The RDoC project attempts to use available research data in genetics, neuroscience, and behavioral science to find new ways of classifying mental disorders “based on dimensions of observable behavior and neurobiological measures.” It is a dimensional system, agnostic about current disorder categories, with dimensions derived from basic behavioral neuroscience. The RDoC constructs focus on known brain circuitry that can be linked to behavior (Morris and Cuthbert 2012). This approach aims to create a new research framework for psychiatric disorders that, it is hoped, will help identify new targets for psychiatric treatment and informing clinical decision making (Insel et al. 2010). The RDoC approach proposes the importance of including genetic, molecular, and neural substrate parameters in future diagnostic systems, which will eventually lead to neuroscience-based psychiatric classification. As yet, it is unclear what fraction of the NIMH portfolio of treatment studies will move entirely away from traditional diagnostic categories as an inclusion criteria and select subjects scoring high on one, or several, of the RDoC dimensions; it is likely that RDoCs will be a significant focus of NIMH funding.
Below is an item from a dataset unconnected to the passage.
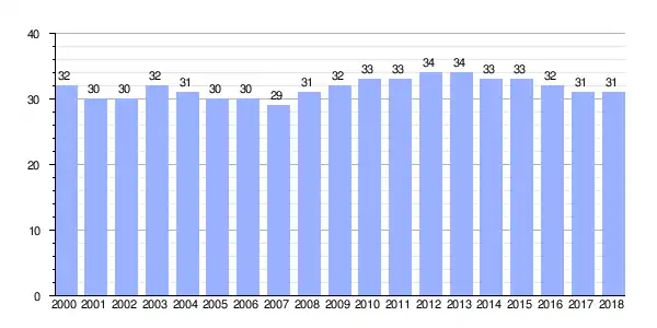 Gráfica de evolución demográfica de Montañó entre 2000 y 2018 |

The rationale for RDoCs is clear and compelling. If the RDoCs neuroscience-based dimensional approach will get us closer to the essence of psychopathology, then we will be able to test treatments in youth who share common, underlying neural system changes. This is unlike research using our current diagnostic classifications in which much of our challenge in showing response to treatment may arise from functional heterogeneity of brain system changes underlying the current common diagnoses. While RDoCs are an experiment that may bring greater power and understanding to our field, like any experiment it may fail. Only time will tell.
Summary
Patience is never easy when we have patients who need treatment and the currently available therapies are not optimal. As a result, progress in clinical studies designed to improve treatment of child and adolescent psychiatric disorders often seems unnecessarily, and painfully, slow to both clinicians and clinical researchers. We are often left wondering whether these time lags are necessary or are the result of unnecessary bureaucracy or antiquated research methods. Many among us may eschew waiting for data and simply move forward with the “off-label” use of both pharmacological/psychotherapeutic and environment/psychosocial interventions. Are there alternatives to consider? There certainly are. While the future of treatment studies in child psychiatry will look very much like the past, many future studies will take advantage of newer statistical approaches and our more informed hypotheses about the underlying neural systems changes associated with psychiatric symptoms. And, once again, hopefully, we will see that even small additions or changes in our methods and data analyses will allow us to fill our therapeutic cup further and faster.